START Data for review
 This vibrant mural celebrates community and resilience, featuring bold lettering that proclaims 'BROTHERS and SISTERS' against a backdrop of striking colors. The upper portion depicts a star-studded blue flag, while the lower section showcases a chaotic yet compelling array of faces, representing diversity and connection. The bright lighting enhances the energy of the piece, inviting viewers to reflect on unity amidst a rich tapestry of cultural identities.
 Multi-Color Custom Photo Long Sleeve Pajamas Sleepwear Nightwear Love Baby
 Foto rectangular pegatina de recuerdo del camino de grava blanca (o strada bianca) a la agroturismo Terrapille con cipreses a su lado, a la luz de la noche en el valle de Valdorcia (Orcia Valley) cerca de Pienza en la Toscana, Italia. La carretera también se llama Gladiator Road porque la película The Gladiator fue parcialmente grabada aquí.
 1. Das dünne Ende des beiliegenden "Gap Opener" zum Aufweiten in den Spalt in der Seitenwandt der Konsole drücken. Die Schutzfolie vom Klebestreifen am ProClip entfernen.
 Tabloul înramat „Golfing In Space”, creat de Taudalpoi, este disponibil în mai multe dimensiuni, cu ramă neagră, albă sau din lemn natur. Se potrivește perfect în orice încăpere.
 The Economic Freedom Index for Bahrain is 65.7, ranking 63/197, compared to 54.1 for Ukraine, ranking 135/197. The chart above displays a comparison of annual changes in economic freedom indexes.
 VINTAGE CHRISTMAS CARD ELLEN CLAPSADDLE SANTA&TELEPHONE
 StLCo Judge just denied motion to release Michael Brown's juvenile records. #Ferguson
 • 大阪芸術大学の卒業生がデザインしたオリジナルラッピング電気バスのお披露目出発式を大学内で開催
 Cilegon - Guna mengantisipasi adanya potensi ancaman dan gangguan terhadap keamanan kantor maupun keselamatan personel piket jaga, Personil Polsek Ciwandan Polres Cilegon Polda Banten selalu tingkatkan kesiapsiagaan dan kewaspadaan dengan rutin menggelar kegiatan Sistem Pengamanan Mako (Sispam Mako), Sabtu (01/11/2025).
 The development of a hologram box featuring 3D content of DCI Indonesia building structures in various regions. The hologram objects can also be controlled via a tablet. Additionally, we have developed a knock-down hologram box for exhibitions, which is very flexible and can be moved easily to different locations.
END Data for review
> Required action:
Please state how many lines of the listing above hold "featuring", giving the number and nothing else.

> Problem solution:
2